# 1 month in........



## sallyday10 (May 22, 2012)

Hi All,

I'm Mike, I live near Warrington in Cheshire.

After 5 months searching I've finally bought a MK1 225 coupe in Amulet Red. She's a 45,000 mile example and makes me grin like a kid every time I drive her.

I've previously owned an A4 Avant diesel (for 10 years!!!), prior to that a Scooby MK1 Catalunya, MK2 Golf 16V and my first love a '77 Celica 1600ST.

I've spent plenty of time scouring the forum for info prior to my purchase and I'm grateful to all the people who've posted on here.

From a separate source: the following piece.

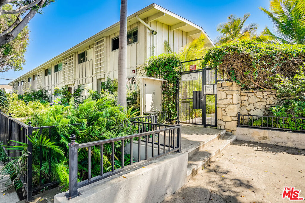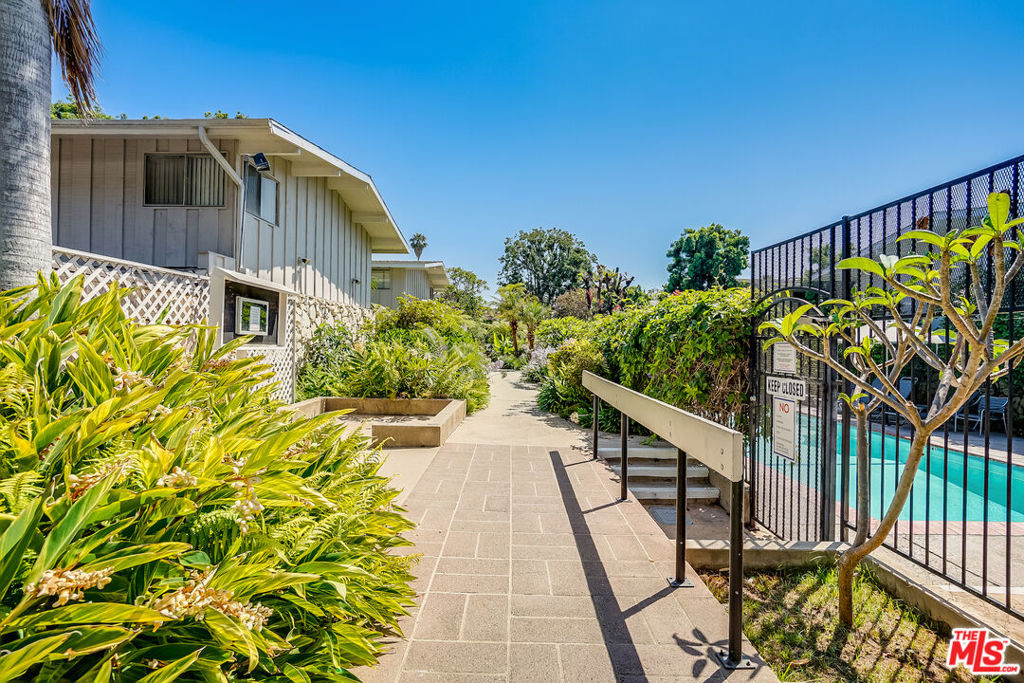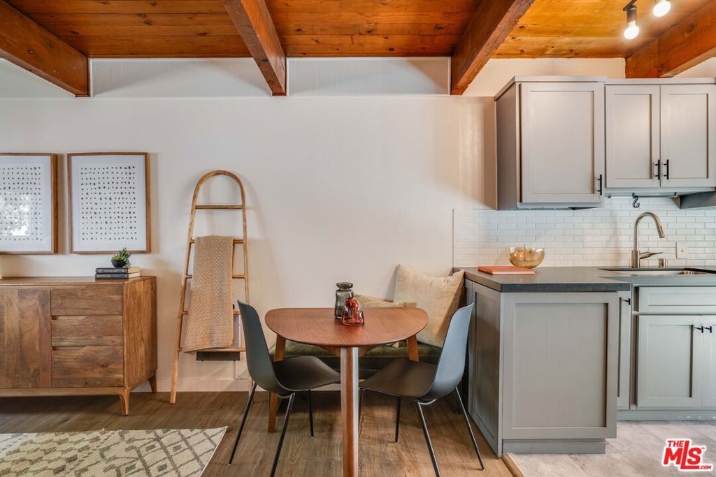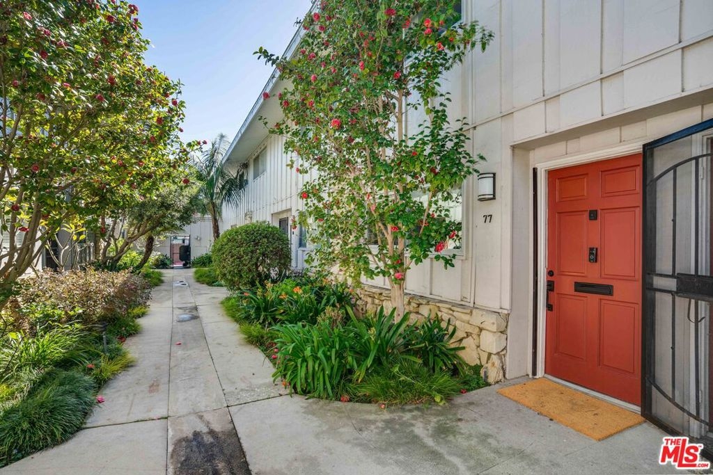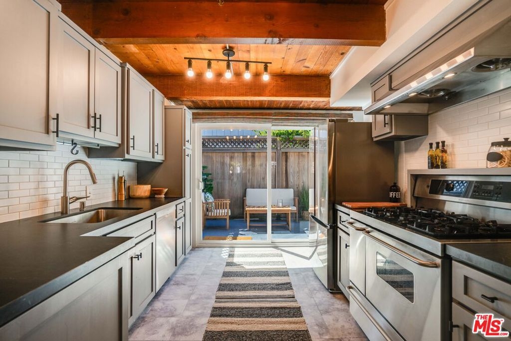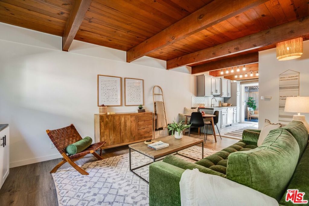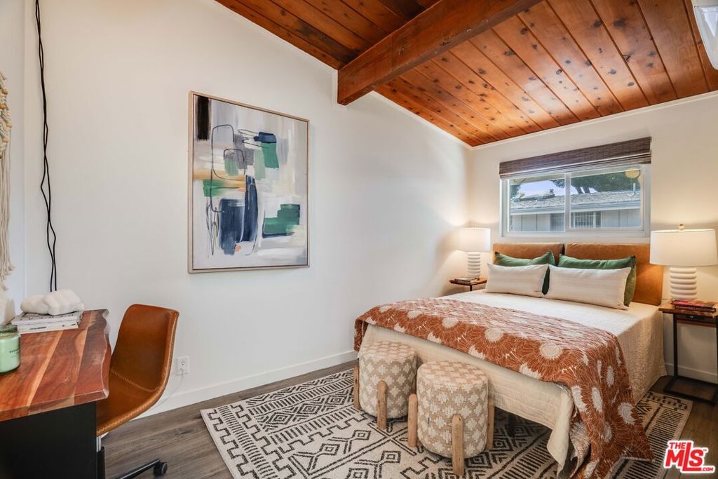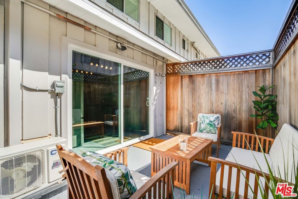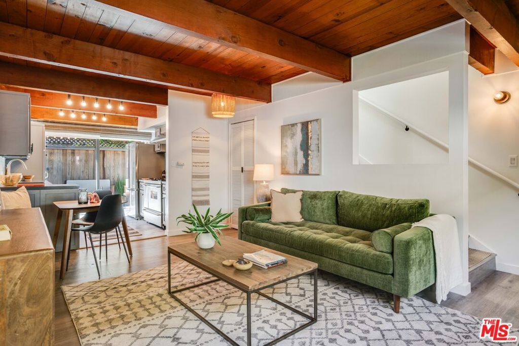 Welcome to this clean, remodeled, and gated townhouse in central Mar Vista. Step inside and you'll immediately notice the beautiful wood beamed ceilings and laminate flooring throughout, drawing you to the open concept Living/Kitchen/Patio. Updated kitchen with quartz countertops, updated lighting, and newer appliances (refrigerator, washer/dryer, dishwasher). Large open patio - perfect for relaxing, gardening, and al-fresco dining. There is a stylish half bath, storage shelves, and a stacked laundry area just off the kitchen. Upstairs there are two bedrooms and a full bath. Both bedrooms feature dramatic vaulted wood-lined ceilings with ample closet space in each room. All new within the last 5 years: Vinyl patio sliding door, AC mini split upstairs, Hunter Douglas roller shades, and updated sinks/toilets/vanities in both bathrooms. The lush gated grounds include a sparkling clean community pool and spa. This unit has its own parking spot located not too far from the unit. New roof and skylight in 2019. Close to the beach, shops, eateries, and everything else the Westside has to offer.
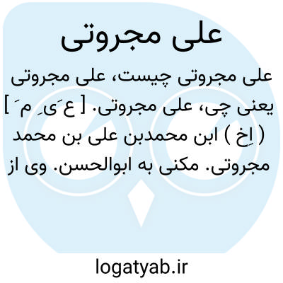 علی مجروتی. [ ع َی ِ م َ ] ( اِخ ) ابن محمدبن علی بن محمد مجروتی. مکنی به ابوالحسن. وی از مردم مغرب بود و در سال 1003 هَ. ق. درگذشت. سلطان منصور او را با هدایایی به همراهی محمدعلی فشتالی کاتب به نزد ملک ترک فرستاد. و وی کتابی درباره این مسافرتش بنام «النفحة المسکیة فی السفرة الترکیة» نگاشته است. ( از معجم المؤلفین ).

Looking forward to sharing my TT experiences with you all.

Mike.


----------



## V6RUL (May 28, 2009)

Hi, check out north west meets.
Steve


----------



## TTchan (Mar 24, 2012)

Hey mike welcome


----------



## Hoggy (May 8, 2002)

Hi Mike, Welcome to the TTF. 
Had my 2001 *Amulet Red* TT from new & still luv her. Lets see some pics soon. 8) 
Hoggy.


----------



## YELLOW_TT (Feb 25, 2004)

Welcome


----------



## The Blue Bandit (Sep 22, 2011)

... welcome to the forum Mike, and to TT ownership ...
Steve


----------



## TT K8 (Sep 13, 2009)

Hoggy said:


> Hi Mike, Welcome to the TTF.
> Had my 2001 *Amulet Red* TT from new & still luv her. Lets see some pics soon. 8)
> Hoggy.


Best colour!


----------



## jason11 (Aug 29, 2009)

Nice low miles 

I can't find one lol


----------



## Hoggy (May 8, 2002)

jason11 said:


> Nice low miles  I can't find one lol


Hi, That's because I have it...  8) 
Hoggy.


----------